Sebetulnya saya tidak menyetujui, berhubung bisnis lebih pas sebagai restoran penyedia hidangan bagi orang kantor. Namun, saya kalah suara. Dua puluh persen dibanding 80 persen.
Bisnis dengan konsep baru tidak bertahan lama. Dengan berbagai faktor yang sudah saya duga, penjualan cenderung turun sementara pengeluaran bertambah. Tak perlu lama, usaha kuliner hampir bangkrut.
Karyawan terpaksa dirumahkan dengan pesangon yang sepadan.

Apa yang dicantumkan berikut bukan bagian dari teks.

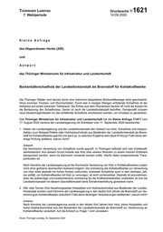 "content": "Thüringer Landtag Drucksache 7/ 1621 7. Wahlperiode 14.09.2020 Kleine Anfrage des Abgeordneten Henke (AfD) und Antwort des Thüringer Ministeriums für Infrastruktur und Landwirtschaft Borkenkäferschadholz der Landesforstanstalt als Brennstoff für Kohlekraftwerke Die Thüringer Wälder sind derzeit durch eine historisch beispiellose Borkenkäferplage stark geschwächt. Hinzu kommen Trocken- und Sturmschäden. Durch das in riesigen Mengen anfallende Schadholz ist der Holzpreis auf einem extremen Tiefststand. Die Erlöse aus dem Holzverkauf decken oft nicht die Kosten für die Beräumung des Schadholzes. Davon ist auch die Landesforstanstalt betroffen. Demgemäß müssen neue Absatzmöglichkeiten für das anfallende Schadholz erschlossen werden, um Umsätze zu generieren. Das Thüringer Ministerium für Infrastruktur und Landwirtschaft hat die Kleine Anfrage 7/1077 vom 17. August 2020 namens der Landesregierung mit Schreiben vom 11. September 2020 beantwortet: 1. Haben die Landesregierung und die Landesforstanstalt den Verkauf von Holz, Schadholz und Holzpro- dukten (zum Beispiel Pellets oder Holzhackschnitzel) aus Beständen der Landesforstanstalt als Brenn- stoff für Kohlekraftwerke geprüft und wenn ja, zu welchem Ergebnis kam diese Prüfung? Falls keine der- artige Prüfung stattfand, warum nicht? Antwort: Die thermische Verwertung von Schadholz wurde geprüft. In Thüringen befindet sich kein Kohlekraft- werksstandort. Aus diesem Grund müsste das Holz über weitere Strecken zu einem solchen Kraftwerk transportiert werden, wenn es thermisch verwertet werden sollte. Hierfür fielen entsprechende Trans- portkosten an. Nach Kenntnis der Landesregierung ist die thermische Verwertung von Holz in Kohlekraftwerken zudem nicht ohne größeren technischen Aufwand möglich. Die Umrüstung der Kohlekraftwerke zur Verwertung von Holz wäre deshalb mit hohen Kosten verbunden. Inwieweit Schadholz auch in den nächsten Jah- ren anfällt, um Kohlekraftwerke mit Holz zu versorgen, ist nicht vorhersehbar. Deshalb ist anzunehmen, dass die aufwendige und kostenintensive Umrüstung für die Kraftwerksbetreiber unattraktiv ist und die Landesforstanstalt mit diesem Geschäftsmodell keine Einnahmeerhöhung generieren kann. 2. Wie viele Tonnen Holz beziehungsweise Holzpellets und Holzhackschnitzel aus Beständen der Landes- forstanstalt wurden nach Kenntnis der Landesregierung in den letzten fünf Jahren als Brennstoff zur Ver- stromung an Kohlekraftwerke veräußert? Falls keine derartigen Veräußerungen stattfanden, warum nicht? Antwort: Nach Kenntnis der Landesregierung wurde in den letzten fünf Jahren kein Holz, keine Holzpellets und keine Holzhackschnitzel aus den Beständen der Landesforstanstalt als Brennstoff zur Verstromung an Kohlekraftwerke veräußert. Auf die Antwort zu Frage 1 wird verwiesen. Druck: Thüringer Landtag, 30. September 2020",
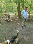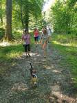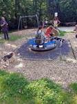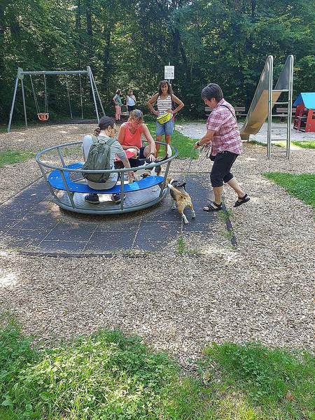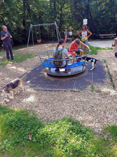 Der Wanderweg führte am Waldrand an einem Kinderspielplatz vorbei. Dort gab es auch ein Rundel welches natürlich von einigen Beagle Besitzerinnen sofort mit Hund ausprobiert wurde. Nur auf eindringlichen Hinweisen der Beagle Besitzer, dass möglicherweise dem Hund schlecht werden würde, konnten die Damen überzeugt werden…. „nur dem Hunde zuliebe …“

Utang-utang terlebih dahulu diselesaikan. Langkah terakhir adalah menjual bisnis.Â
Meski di bawah ekspektasi, seluruh aset diambil alih oleh seorang musisi. Setelah dipotong biaya-biaya dan pajak, seluruh hasil penjualan dibagi sesuai komposisi saham.

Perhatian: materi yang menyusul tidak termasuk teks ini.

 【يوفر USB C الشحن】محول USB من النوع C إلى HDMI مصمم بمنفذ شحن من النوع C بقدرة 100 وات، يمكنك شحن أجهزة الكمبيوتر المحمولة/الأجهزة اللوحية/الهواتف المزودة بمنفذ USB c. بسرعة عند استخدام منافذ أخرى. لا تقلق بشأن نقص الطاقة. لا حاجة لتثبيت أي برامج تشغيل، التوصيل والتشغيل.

Hasil penjualan di bawah modal. Secara teknis rugi, tetapi hubungan pertemanan tidak rusak. Masih terjaga. Bahkan, beberapa masih berkomunikasi hingga kini.

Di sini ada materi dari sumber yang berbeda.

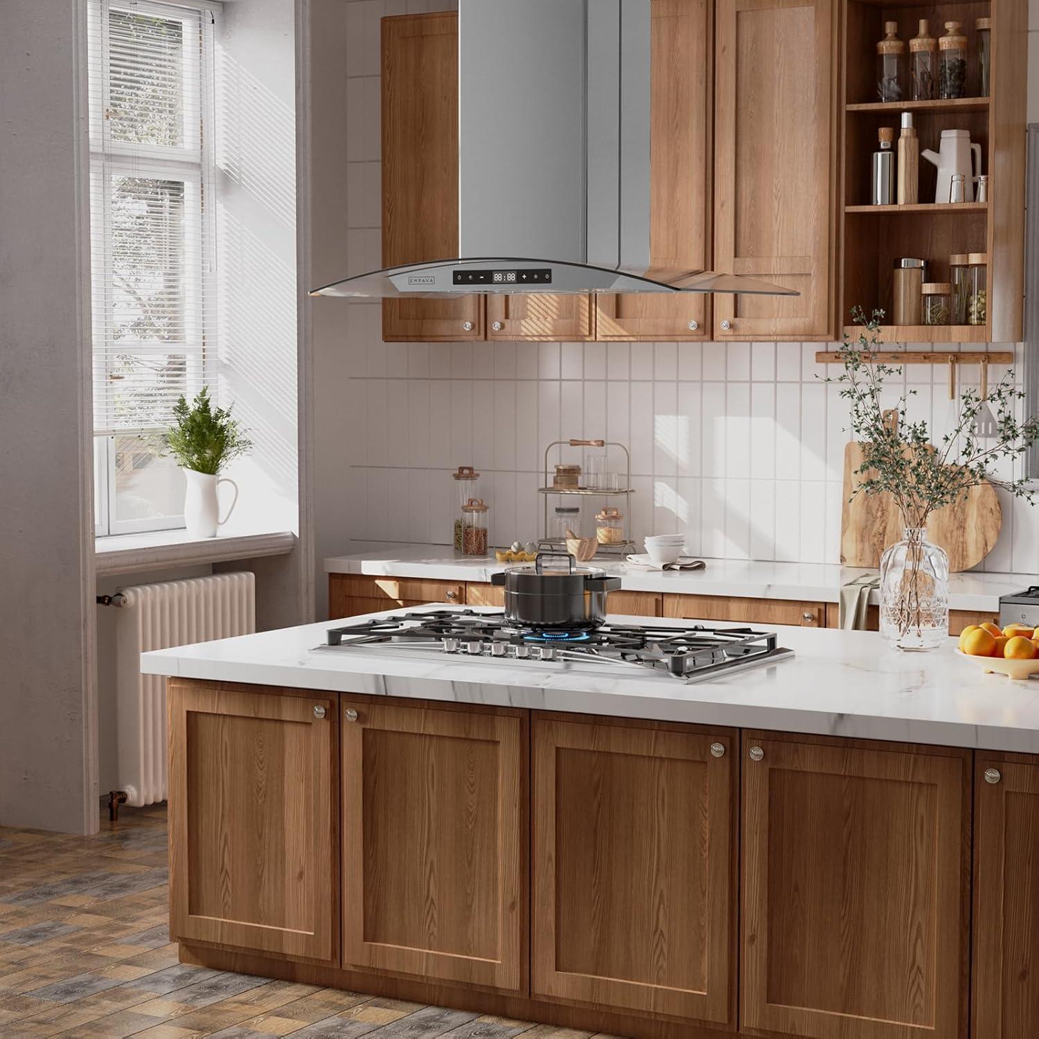 Empava recessed gas cooktop offers you the flexibility you need to make all your favorite dishes with precision and flair 4 different versatile burner size with a Dual Ring 12000-BTU burner, a 10000-BTU burner, double 6500-BTU burner and 4000-BTU burner distribute even heat for simmer, boil, stir-frying, steaming, melting or even caramelizing!Now you are cooking! Enjoy all these features even more by knowing this cooktop. Product Dimensions: 36.02 in. L x 20.67 in. W x 2.1 in. H, Cutout Dimensions: 34.68 in. L x 19.33 in. W. Pre-installed 110v power cord, Natural Gas Regulator and LPG Nozzles included. (LPG Conversion Kit included)

Kerja Bareng Teman dalam Proyek
Seorang teman mengajak kerja sama, setelah mengetahui bahwa perizinan usaha kecil saya cukup komplit. Sementara punyanya tidak lengkap, sehingga terbatas dalam perolehan proyek pemerintahan.
Sebetulnya ia bukan pemilik perusahaan rekanan pemda itu. Istri dan anaknya yang tercatat dalam akta pendirian. Perlu diketahui, dalam perolehan proyek pemerintah disyaratkan pengurus perusahaan bukan Pegawai Negeri Sipil (PNS), TNI, atau Polri.
Profesi teman saya adalah guru SMA Negeri. Namanya tidak bisa dicantumkan dalam akta perusahaan, tapi pada kenyataannya ia mengendalikan penuh usaha tersebut. Entah bagaimana ia bisa mencuri waktu kerja sebagai guru.
Kesepakatan kerja bareng adalah, perusahaan saya maju sebagai pemenang tender (zaman itu masih bisa diatur). Ia bisa memperoleh proyek-proyek karena memiliki koneksi ordal (orang dalam) di satu dinas Pemerintah Kabupaten Anu.
Rencananya, modal kerja proyek ditanggung bersama. Berhubung kondisi keuangan saya terbatas jika mengongkosi proyek lebih dari satu, ia sanggup menanggung kekurangannya.
"Tenaaangg ...! Ada Tabungan. Kalau kurang, bisa gadai mobil atau rumah."